More obvious perhaps is that prostitution generally declines in areas where women's incomes and opportunities are greater.

Putting these two tendencies together suggests that if one wishes to reduce prostitution, increasing the incomes of both men and women is likely to be more effective than imposing legal penalties.


Sex Ratios, Foreign Prostitutes and Cultural Factors

Another consequence of the authors' model is that a high ratio of men to women tends to increase prostitution's relative profitability (versus marriage).

If the surplus of men over women is temporary, say, because of war or upheaval, then the surplus usually leads to an even greater incentive to prostitution.

As permanent residents in a location, men are potential participants in both the marriage market and the sex markets, whereas if they're visitors, only the latter market is generally available and the supply of prostitutes and their incomes rise. The authors cite the example of modern sex tourism.

The model also predicts that how much a woman damages her chances to marry by becoming a prostitute depends on how likely it is that she'll be exposed as one.

The likelihood shrinks if the woman leaves home and migrates to a different part of the country or to a different country altogether. This would also explain why foreign prostitutes are likely to be cheaper than domestic ones.

More generally, the abundance of foreign prostitutes shouldn't come as a surprise. Immigrants generally have difficulty finding employment and, except at the high end of the scale, prostitution does not place much of a premium on language skills.

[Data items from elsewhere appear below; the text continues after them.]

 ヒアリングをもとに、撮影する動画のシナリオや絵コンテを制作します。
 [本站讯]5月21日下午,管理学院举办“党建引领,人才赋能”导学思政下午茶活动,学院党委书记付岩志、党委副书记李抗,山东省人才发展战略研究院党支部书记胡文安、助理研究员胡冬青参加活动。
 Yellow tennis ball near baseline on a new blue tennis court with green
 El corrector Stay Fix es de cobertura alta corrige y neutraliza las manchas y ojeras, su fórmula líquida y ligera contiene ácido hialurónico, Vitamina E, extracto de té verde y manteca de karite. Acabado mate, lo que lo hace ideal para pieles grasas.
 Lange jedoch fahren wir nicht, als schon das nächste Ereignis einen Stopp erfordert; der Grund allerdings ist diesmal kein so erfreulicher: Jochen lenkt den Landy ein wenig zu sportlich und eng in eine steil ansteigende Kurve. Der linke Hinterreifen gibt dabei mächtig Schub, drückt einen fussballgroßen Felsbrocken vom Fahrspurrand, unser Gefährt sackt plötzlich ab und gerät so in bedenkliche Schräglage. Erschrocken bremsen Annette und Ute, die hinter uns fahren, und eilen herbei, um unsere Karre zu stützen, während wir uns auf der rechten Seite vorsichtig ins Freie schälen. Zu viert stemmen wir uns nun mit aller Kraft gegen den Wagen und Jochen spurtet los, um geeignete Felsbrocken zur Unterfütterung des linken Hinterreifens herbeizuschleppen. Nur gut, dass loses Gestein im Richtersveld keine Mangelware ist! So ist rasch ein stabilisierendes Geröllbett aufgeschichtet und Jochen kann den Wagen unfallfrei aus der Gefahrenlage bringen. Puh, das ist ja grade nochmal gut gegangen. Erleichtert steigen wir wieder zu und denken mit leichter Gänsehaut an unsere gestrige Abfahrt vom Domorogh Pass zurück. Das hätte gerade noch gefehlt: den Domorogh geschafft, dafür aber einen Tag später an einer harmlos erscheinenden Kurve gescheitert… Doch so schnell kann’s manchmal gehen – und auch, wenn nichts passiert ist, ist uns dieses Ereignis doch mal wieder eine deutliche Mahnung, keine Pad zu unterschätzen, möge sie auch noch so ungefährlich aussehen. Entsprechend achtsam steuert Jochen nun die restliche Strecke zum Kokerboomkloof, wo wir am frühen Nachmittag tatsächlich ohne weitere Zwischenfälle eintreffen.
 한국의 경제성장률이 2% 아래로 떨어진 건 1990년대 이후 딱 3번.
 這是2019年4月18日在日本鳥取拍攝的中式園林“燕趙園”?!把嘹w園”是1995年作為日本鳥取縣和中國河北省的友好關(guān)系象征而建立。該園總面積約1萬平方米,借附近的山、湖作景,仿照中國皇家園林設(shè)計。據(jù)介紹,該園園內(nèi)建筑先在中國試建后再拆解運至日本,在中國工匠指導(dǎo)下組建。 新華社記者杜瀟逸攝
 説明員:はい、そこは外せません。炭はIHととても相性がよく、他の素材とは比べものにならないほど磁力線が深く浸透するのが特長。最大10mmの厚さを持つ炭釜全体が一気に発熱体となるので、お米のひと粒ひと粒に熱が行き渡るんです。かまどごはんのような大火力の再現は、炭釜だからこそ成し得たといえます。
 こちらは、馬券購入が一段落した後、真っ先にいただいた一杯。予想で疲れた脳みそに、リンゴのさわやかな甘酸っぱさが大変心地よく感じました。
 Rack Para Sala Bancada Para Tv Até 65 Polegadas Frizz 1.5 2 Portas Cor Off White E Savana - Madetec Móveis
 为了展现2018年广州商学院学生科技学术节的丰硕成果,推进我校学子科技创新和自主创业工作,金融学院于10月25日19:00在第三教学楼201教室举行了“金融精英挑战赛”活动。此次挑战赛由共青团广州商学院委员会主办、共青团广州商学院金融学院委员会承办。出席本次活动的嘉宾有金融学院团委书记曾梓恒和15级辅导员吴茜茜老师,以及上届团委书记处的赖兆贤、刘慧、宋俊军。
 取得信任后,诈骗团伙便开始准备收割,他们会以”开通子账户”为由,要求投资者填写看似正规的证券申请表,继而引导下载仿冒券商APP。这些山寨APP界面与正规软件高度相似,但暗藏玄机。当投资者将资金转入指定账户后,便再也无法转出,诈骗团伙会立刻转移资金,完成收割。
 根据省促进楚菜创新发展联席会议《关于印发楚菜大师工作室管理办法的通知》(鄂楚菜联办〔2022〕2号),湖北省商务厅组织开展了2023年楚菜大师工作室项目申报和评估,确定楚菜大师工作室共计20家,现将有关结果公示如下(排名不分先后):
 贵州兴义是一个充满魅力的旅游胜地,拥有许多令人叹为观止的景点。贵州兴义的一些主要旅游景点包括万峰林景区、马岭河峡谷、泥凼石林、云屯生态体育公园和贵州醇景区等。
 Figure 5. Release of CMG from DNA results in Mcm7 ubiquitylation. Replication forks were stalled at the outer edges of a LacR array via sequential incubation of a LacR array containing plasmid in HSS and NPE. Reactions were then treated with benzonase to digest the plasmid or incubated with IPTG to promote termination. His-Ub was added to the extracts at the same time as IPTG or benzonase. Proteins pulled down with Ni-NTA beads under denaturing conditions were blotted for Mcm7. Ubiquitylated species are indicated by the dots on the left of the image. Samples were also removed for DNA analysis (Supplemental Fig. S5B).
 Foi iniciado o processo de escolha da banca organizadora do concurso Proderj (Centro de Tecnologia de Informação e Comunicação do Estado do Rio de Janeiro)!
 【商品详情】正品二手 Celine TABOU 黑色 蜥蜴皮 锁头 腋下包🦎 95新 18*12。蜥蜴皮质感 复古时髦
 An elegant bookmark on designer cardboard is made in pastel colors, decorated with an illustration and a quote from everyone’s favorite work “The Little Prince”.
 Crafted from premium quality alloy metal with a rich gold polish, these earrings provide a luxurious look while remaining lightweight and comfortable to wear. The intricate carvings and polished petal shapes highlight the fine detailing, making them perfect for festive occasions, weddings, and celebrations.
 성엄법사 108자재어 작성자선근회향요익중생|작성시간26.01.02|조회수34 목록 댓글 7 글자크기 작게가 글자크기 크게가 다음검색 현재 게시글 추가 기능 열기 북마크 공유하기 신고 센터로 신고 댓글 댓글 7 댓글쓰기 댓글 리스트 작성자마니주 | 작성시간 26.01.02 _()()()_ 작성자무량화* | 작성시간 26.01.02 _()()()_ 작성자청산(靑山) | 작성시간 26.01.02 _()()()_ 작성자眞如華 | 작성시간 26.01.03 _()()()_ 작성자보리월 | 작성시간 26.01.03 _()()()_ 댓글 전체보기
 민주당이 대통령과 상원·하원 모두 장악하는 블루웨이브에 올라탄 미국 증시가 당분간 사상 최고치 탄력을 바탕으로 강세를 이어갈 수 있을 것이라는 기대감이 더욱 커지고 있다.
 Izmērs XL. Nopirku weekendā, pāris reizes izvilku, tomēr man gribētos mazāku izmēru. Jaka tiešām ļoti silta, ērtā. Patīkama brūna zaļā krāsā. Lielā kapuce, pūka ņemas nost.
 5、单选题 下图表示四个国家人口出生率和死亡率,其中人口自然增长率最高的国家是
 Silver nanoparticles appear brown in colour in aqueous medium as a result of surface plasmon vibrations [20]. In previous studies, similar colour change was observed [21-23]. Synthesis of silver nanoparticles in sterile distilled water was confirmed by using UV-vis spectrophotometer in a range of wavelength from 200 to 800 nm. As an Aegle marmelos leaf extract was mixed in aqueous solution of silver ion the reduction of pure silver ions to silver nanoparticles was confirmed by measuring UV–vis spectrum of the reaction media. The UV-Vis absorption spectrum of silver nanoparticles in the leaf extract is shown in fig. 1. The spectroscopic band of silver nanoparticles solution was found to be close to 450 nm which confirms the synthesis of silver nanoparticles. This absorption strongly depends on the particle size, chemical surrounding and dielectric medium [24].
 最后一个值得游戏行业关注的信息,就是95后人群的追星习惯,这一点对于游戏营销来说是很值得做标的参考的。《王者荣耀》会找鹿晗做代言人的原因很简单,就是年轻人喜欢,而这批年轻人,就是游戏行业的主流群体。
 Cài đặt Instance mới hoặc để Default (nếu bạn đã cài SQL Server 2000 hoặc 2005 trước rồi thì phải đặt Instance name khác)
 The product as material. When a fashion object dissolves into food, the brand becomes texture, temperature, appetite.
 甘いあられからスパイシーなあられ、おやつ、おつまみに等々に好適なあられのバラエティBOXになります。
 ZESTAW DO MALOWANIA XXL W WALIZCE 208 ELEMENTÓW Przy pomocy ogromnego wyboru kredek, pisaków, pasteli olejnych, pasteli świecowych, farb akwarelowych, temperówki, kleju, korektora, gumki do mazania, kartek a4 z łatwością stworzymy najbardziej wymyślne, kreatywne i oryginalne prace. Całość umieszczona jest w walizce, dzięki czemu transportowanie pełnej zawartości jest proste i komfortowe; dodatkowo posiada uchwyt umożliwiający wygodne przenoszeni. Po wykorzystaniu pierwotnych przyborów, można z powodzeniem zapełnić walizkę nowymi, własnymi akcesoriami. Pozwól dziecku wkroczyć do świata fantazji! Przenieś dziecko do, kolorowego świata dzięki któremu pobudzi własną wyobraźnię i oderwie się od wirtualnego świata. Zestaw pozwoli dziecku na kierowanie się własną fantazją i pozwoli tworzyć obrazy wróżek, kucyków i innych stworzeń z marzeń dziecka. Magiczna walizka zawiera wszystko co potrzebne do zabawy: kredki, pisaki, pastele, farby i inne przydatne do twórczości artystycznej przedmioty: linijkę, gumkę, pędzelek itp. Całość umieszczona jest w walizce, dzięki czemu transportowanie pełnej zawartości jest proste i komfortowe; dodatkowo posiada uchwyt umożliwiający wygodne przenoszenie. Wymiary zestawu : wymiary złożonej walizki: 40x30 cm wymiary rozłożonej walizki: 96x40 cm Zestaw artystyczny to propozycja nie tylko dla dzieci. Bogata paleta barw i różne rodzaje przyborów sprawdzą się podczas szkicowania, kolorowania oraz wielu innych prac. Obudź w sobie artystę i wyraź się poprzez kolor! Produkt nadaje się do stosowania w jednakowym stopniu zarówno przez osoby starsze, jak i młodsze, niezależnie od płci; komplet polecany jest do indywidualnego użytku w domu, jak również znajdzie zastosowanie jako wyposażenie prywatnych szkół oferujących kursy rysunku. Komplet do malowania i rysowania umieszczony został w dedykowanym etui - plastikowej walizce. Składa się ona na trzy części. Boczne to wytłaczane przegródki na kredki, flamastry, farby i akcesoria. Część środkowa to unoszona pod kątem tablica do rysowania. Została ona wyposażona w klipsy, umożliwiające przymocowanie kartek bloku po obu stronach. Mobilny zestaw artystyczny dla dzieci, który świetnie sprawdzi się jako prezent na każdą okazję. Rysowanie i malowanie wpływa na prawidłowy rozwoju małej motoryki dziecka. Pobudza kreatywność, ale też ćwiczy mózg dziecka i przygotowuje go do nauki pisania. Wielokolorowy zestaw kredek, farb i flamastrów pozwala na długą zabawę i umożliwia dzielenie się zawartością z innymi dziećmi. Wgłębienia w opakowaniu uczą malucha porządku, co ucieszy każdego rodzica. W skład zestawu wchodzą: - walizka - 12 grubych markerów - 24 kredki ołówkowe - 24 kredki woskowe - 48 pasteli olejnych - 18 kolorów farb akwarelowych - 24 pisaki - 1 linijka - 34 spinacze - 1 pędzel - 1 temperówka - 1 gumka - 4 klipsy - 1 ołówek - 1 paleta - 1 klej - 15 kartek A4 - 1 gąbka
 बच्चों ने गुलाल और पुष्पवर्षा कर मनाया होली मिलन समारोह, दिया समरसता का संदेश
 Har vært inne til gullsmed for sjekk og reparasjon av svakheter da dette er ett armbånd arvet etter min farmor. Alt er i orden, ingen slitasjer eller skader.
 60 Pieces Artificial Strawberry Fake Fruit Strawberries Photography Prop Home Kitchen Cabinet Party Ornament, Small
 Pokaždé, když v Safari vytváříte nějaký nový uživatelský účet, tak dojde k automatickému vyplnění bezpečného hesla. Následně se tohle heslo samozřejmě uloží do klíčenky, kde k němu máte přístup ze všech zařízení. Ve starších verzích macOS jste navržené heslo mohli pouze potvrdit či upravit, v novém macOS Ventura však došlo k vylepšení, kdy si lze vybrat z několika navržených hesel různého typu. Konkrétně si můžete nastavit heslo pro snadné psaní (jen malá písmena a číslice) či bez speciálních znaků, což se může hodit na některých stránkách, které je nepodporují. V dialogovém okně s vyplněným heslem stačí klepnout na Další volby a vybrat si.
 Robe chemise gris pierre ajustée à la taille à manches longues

As in other parts of the economy, globalization is controversial and is one reason the number of women trafficked for sexual purposes is exaggerated. (It is considerably smaller than the number of people trafficked for nonsexual labor.)

There are good reasons — from academic studies to the sheer ubiquity of prostitutes — to believe that trafficking is relatively isolated and that only a small fraction of prostitutes are coerced into prostitution.

One last prediction the model makes is that the income differential paid to prostitutes will rise with the status the culture accords wives.

That is, if wives are valued highly, would-be prostitutes are giving up a lot by becoming prostitutes and will require more money to do so. And if wives have few privileges, would-be prostitutes aren't giving up much to become prostitutes and thus need less inducement to do so.

Cultural tolerance, of course, is a determinant not only of the income differential but also of the number of women who become prostitutes. Compare, for example, Thailand and Afghanistan.


Bottom Line


Like any statistical model, this one ignores the diversity of real people and the complexities of love and pleasure, changing social mores, et cetera. Still, once all its equations have been solved, a simple fact remains: Most women enter prostitution for the money.

This being so, legalizing it, regulating it (strictly enforcing laws against pimping, child prostitution, public nuisance and so forth) and improving the economic prospects for women seem to me a greatly preferable approach to it than moralistic denunciation.